Section 4: Developing Data Flow Diagrams

Current System

First analyze the current system, and then add features that the new system should include.
- Use this as the basis for the logical DFD for the new system.
- Unnecessary processes can be dropped, and new ones added.
- Ensures that essential features of the old system are retained.
- Provides for gradual transition of design to the new system.
- Advantages:
  - better communication with users
  - more stable systems
  - better understanding of the business by analysts
  - flexibility and maintenance
  - elimination of redundancies and easier creation of the physical model

Developing Data Flow Diagrams

Data flow diagrams are built in layers using the following guidelines:

The top level is the context level diagram, which includes all external entities and the major data flows to or from them.
Create Diagram 0 (also called Level 0) by analyzing the major activities within the context process.
- Include the external entities and major data stores.
Create a child diagram for each complex process on Diagram 0 by exploding (expanding upon) each process, introducing subprocesses that fill in the details about data movement and how that data is transformed.
The lower level diagram number is the same as the parent process number.

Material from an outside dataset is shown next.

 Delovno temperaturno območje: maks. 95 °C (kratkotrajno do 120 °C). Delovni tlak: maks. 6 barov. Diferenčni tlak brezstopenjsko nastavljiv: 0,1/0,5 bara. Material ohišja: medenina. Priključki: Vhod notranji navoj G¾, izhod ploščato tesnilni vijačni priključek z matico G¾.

Developing Data Flow Diagrams Using a Top-Down Approach

Section 5: Context Diagram

Context diagram is an overview of an organizational system that shows:
- the system boundaries.
- external entities that interact with the system.
- major information flows between the entities and the system.
Highest level in a DFD
Contains only one process that represents the entire system and does not contain any data stores
The process is given the number 0
All external entities are shown on context diagram, as well as all major flows to and from them
Establishes boundary between system and external environment

Generic Context Diagram

Example Context Diagram

Section 6: Diagram 0

Diagram 0 is an explosion of the context diagram, which means that it provides a detailed depiction of the context diagram. It represents a system’s major processes, data flows, and data stores at a high level of detail.

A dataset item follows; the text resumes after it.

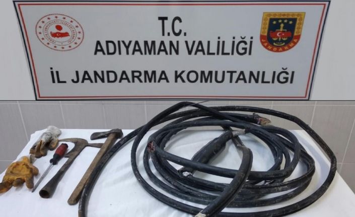 Jandarma ekipleri yaptıkları araştırmada belirlenen adrese operasyon düzenleyerek F.B., M.B. ve T.B.’yi kablo hırsızlığı yaparken suçüstü yakaladı.

The major data stores and all external entities are included on Diagram 0.
Since external entities are external to the system, they should be placed close to the periphery of the diagram.
- External entities can appear on a diagram more than once to avoid crossing data flow lines.
Processes are labeled 1.0, 2.0, etc. These will be decomposed into more primitive (lower-level) DFDs.
- Exploding DFDs into sub processes fills in details about data movement and transformation.
Process names must be a verb followed by a noun or object, like Finalize Paper.
- Use the form verb-adjective-noun for detailed processes.
Data flows, data stores, and entity names must be a noun or noun phrase.
- Two different flows cannot have same label.
- Inputs and outputs specified in context level remain constant in this and all subsequent diagrams.

Generic Diagram 0

Example Diagram 0

Section 7: More Detailed DFD Levels

Child Diagrams

A level-1 diagram results from the decomposition of the level-0 diagram, or Diagram 0.
A level-n diagram is a DFD diagram that is the result of n nested decompositions from a process on a level-0 diagram.

Here's a video that explains the process: What is a Data Flow Diagram and Why Do You Need One?

And another: Data Flow Diagram

Data flow diagrams are built in layers.
You will recall that functional decomposition is an iterative process of breaking a system description down into finer and finer detail.
Creates a set of charts in which one process on a given chart is explained in greater detail on another chart.
The top level is the context level.
Each process may explode to a lower level.
Continues until no subprocess can logically be broken down any further.
Processes that do not create a child diagram are called primitive (or functionally primitive).
- Logic (process specifications) and/or textual descriptions are written for functional primitives.

Creating Child Diagrams

Each process on diagram zero may be exploded to create a child diagram.
- Each process on a lower-level diagram may be exploded to create another child diagram.
Entities:
- External entities are usually not shown on child diagrams below Diagram 0 – but I recommend it for the sake of clarity.
Data Stores:
- If the parent process has data flow connecting to a data store, the child diagram may include the data store as well.
- A lower-level diagram may contain data stores not shown on the parent process, such as
  - A file containing a table of information (such as a tax table)
  - A file linking two processes on the child diagram
Data Flows:
- A child diagram cannot produce output or receive input that the parent process does not also produce or receive. This is referred to as vertical balancing.
  - This means that a flow shown on a child diagram must also appear on the parent diagram, with the same name.
- An interface data flow is data that are input or output from a child diagram that matches the parent diagram data flow.
  - A data flow that matches the parent flow is shown as an arrow from or into a blank area of the child diagram; the source or destination of such flows must be labeled clearly.
- A minor data flow, such as an error line, may be included on a child diagram.

Lower Levels

Level-1 diagram results from decomposition of Level-0 diagram.
Level-n diagram is a DFD diagram that is the result of n nested decompositions from a process on a level-0 diagram.

Numbering

The diagram number of the child diagram must be the same as the process number of the parent process.
- Process 3 on Diagram 0 (or Level 0) would explode to Level 1 Diagram 3.
Processes on the child diagram are numbered using the diagram number, a decimal point, and a unique number for each child process.
- To continue the example above, the processes on Level 1 Diagram 3 would be numbered 3.1, 3.2, 3.3 and so on.
- If process 3.1 on Level 1 Diagram 3 was decomposed, the diagram would be Level 2 Diagram 3.1, and its processes would be numbered 3.1.1, 3.1.2, 3.1.3, etc.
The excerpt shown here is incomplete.